In search of higher share value
Monday's IPO announcement capped weeks of in-house hand-wringing at News Corp., which had come under pressure from financial quarters to bolster its share value. As late as last week, Olsen said, one of Murdoch's top aides told him News Corp. was mulling whether to issue tracking stock, special shares that allow investors to track the financial performance of part of a company but that don't confer voting status.
News of the IPO sent Australian-based News Corp.'s American Depositary Receipts skyrocketing Monday. News Corp. (NWS) ADRs ended up 3-9/16 at 33-1/16, a 12.08 percent rise.
The Fox Group will account for more than half of News Corp.'s $13 billion in annual revenues from a lucrative array of global assets that include newspapers in Australia, the Times of London and the HarperCollins publishing house.
It will pool together all of News Corp.'s U.S.-based filmed entertainment, television programming and sports team assets. Tucked into the fold will be some of the crown jewels of Murdoch's global media portfolio: the Fox Television network -- producer of such Nielsen ratings juggernauts as "The X-Files" and "Ally McBeal" -- the 20th Century Fox movie studio and the Los Angeles Dodgers.
The group will consist of three business segments: the Fox Filmed Entertainment Group, including 20th Century Fox and its video and film affiliates; the Fox Television Group, with its Fox Broadcasting Co. and 22 other television stations; and Cable Networks, which include interests in five pay cable television networks.
The cable networks are Fox/Liberty Networks, a regional sports network in which News Corp. owns a 50 percent interest; FX, a general entertainment and sports programming network in which News Corp. also has a 50 percent stake; The Fox Family Channel, 49.5-percent controlled by Murdoch; FxM: Movies from Fox, a 24-hour wholly owned movie network; and the wholly owned Fox News Group.
In addition to the Los Angeles Dodgers, the Fox Group owns interests in New York's Knicks and Rangers, along with options to buy minority stakes of the Los Angeles Lakers and Los Angeles Kings.
Doing more with assets you have
With total assets of $33.2 billion, Murdoch, in the view of some analysts, may feel he has reached a saturation level and wants to do more with what he has -- in more creative combinations.

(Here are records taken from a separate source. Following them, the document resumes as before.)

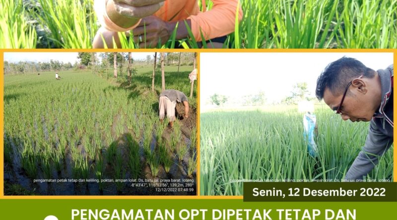 Memantau perkembangan tanaman dan memantau perkembangan tingkat keruskan tanaman oleh opt, populasi opt, keadaan dampak perubhan iklim, serta mengajak petani pengamatan.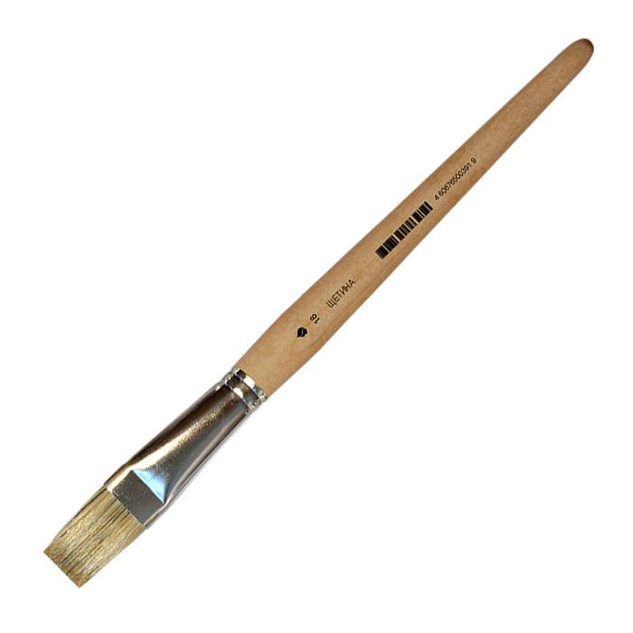 Основной показатель, по которому оцениваются щетинные кисти, - упругость. Чем гуще краска, тем тверже должен быть волос. Вслед за упругостью важнейшей характеристикой является расщепленный кончик - он способствует хорошей наполняемости кисти и ровному нанесению краски. Кисть предназначена для работы с "тяжелыми" красками: маслом, акрилом, темперой, гуашью. Ручка кисти деревянная пропитанная, обойма жестяная шовная.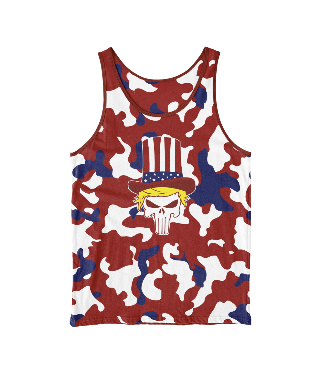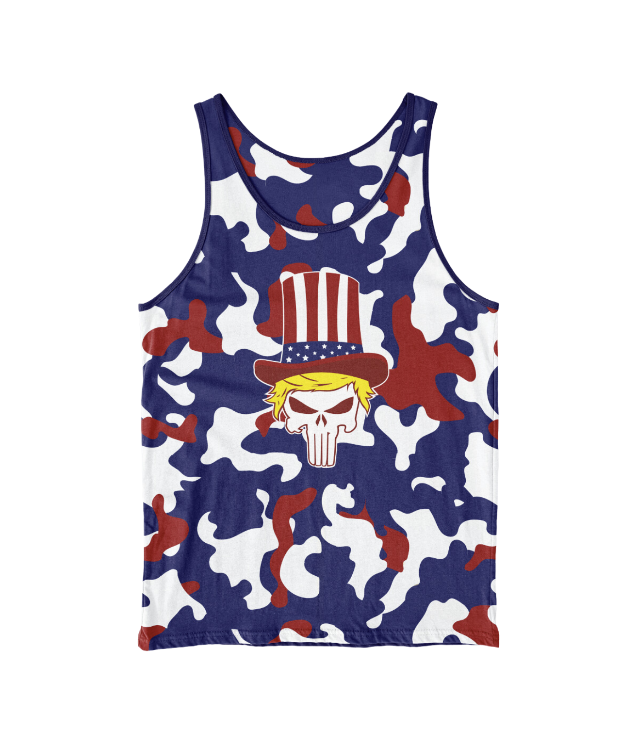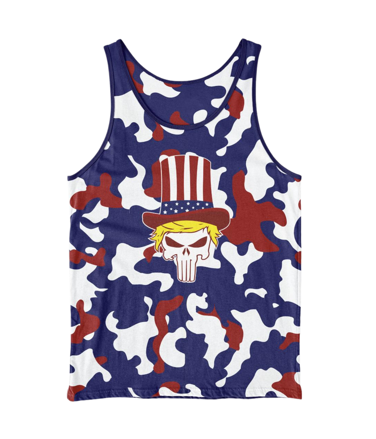 An American spin on one of your favorites: just in time for the Fourth of July. This red, white, and blue camo tank features an Uncle Sam iteration of “Orange Man Bad.”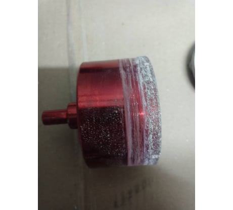 Коронка не симметричная. Достаточно сильное биение. Перьевое сверло стоит более менее ровно. Слой напыление после трёх отверстий подстерся, но не сильно.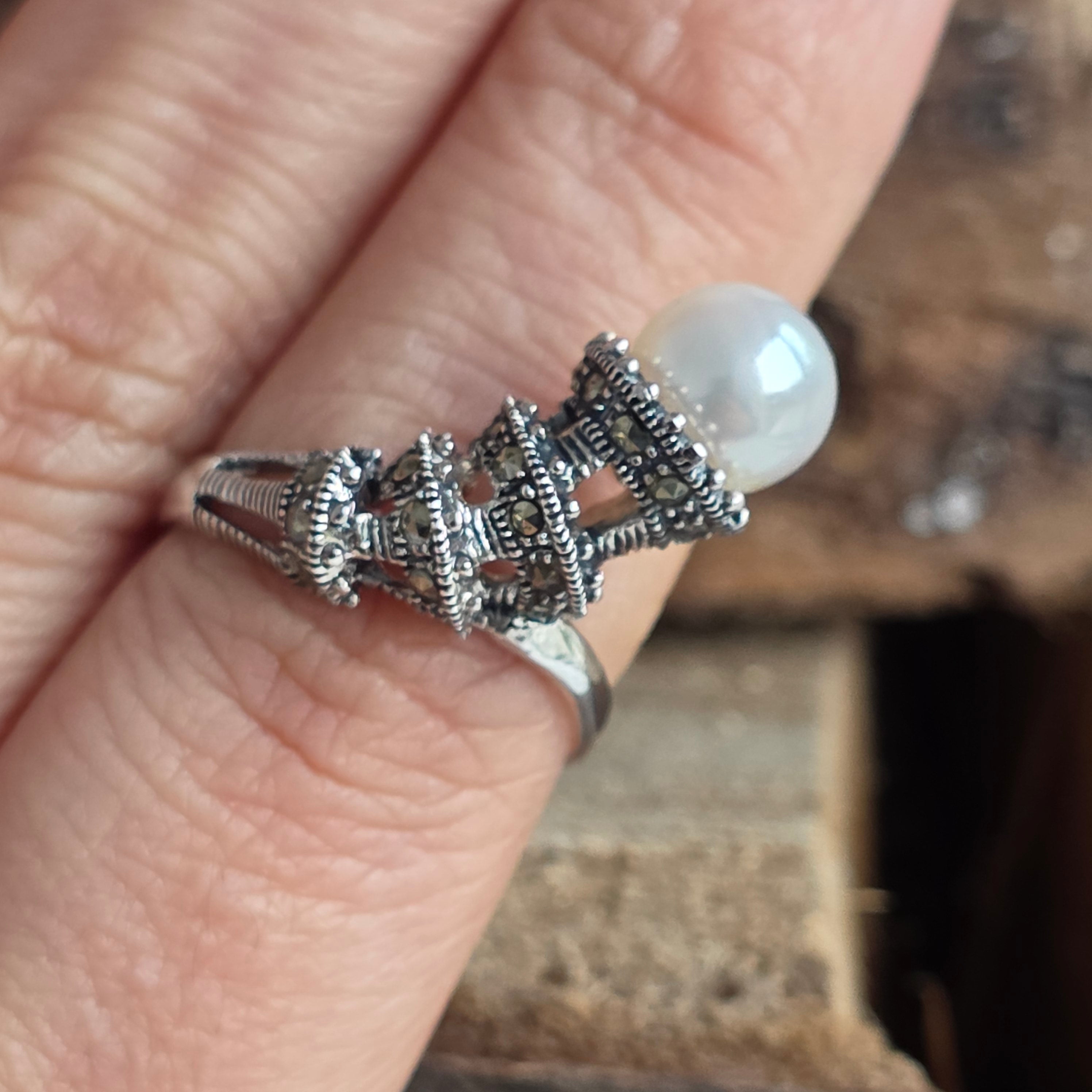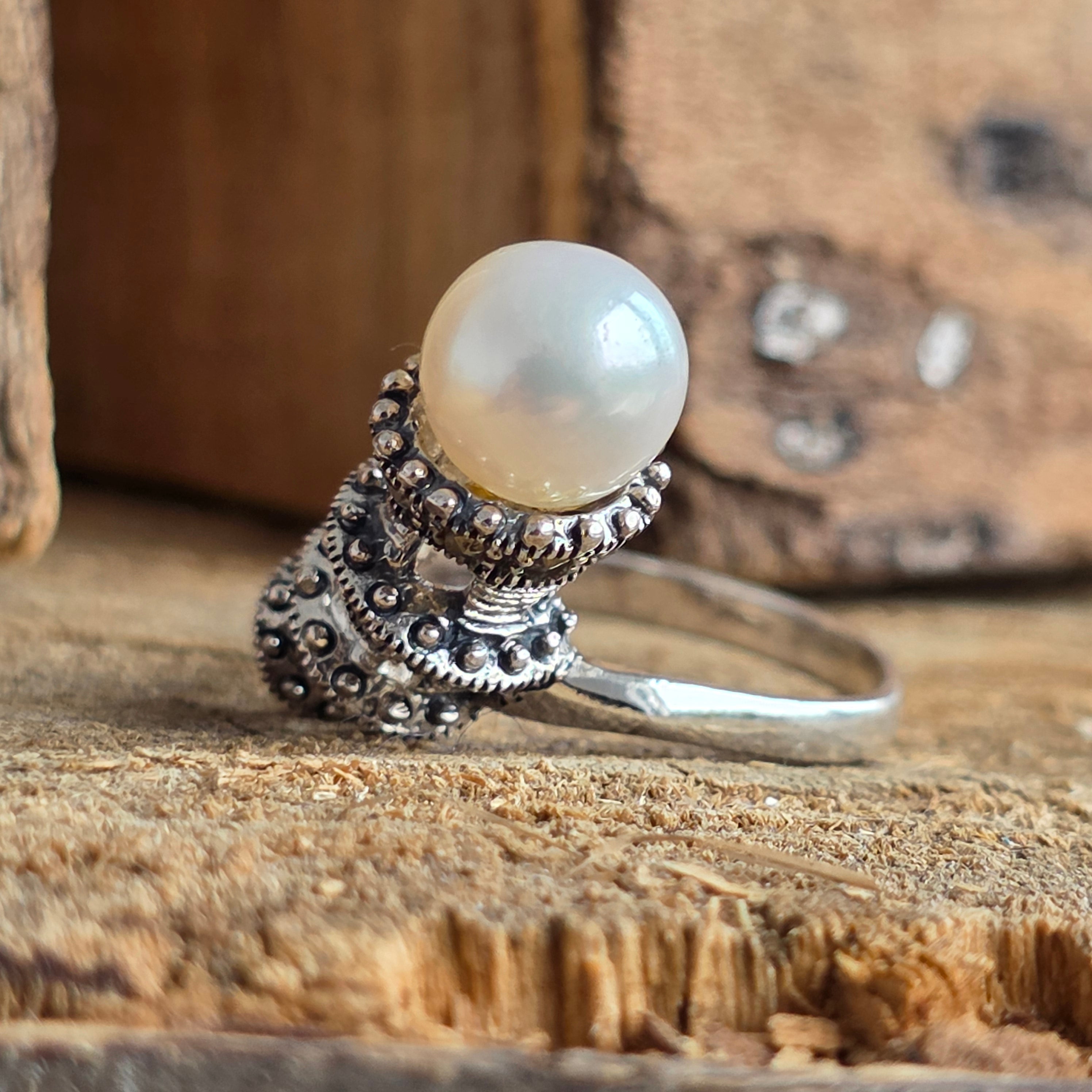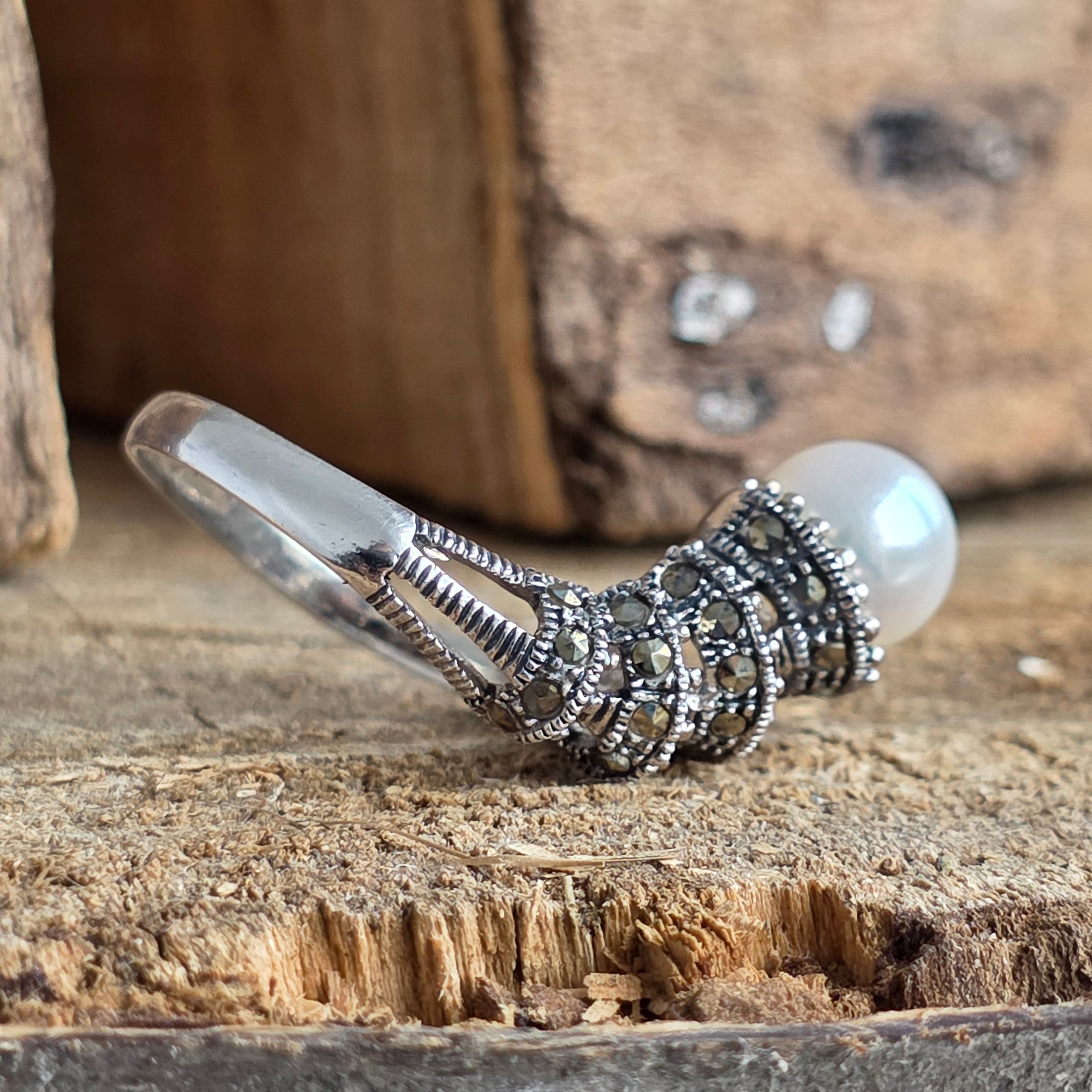 Toto je symbol nadčasovej elegancie Strieborný prsteň 925 spája zamatové svetlo prírodné perly s kovovými odleskami markazit, v dizajne, ktorý evokuje čaro klasických šperkov.

"My impression is that Mr. Murdoch has been in a phase of building assets for most of his career, 25 years or so, and he has reached the point where most of the key pieces are in place," said Harold Vogel, a media analyst at Cowen & Co.
"Now," Vogel continued, "instead of sacrificing to build assets, he is in effect trying to raise shareholder value and he was under pressure to do so because News Corp. stock was selling below the average of the other major entertainment and media companies."
As Olsen at UBS Securities put it, Murdoch likely looked at his far-flung portfolio and deemed it to be less than the sum of its parts. As things stand now, News Corp. issues two classes of stock. Holders of either type, then, technically have an interest in such diverse assets as the Papua New Guinea Post Courier and Brazil's Net Sat, a satellite cable television channel.
The company derives nearly three quarters of its sales from its U.S. businesses, analysts say. Among these, News Corp.'s television assets have proven cash cows for the company, generating profit margins in the 50 percent range, Olsen said. The film segments, by contrast, have struggled more to increase profitability, despite the record-breaking blockbuster success of "Titanic," for which Fox ponied up most of the investment.
News Corp. has trod on similar terrain in the past, most recently in 1995 when it established BSkyB as a stand-alone British satellite company and sold a stake to the public.
This time around, Murdoch plans to use proceeds from the IPO to relieve its debt burden and perhaps buy back stock.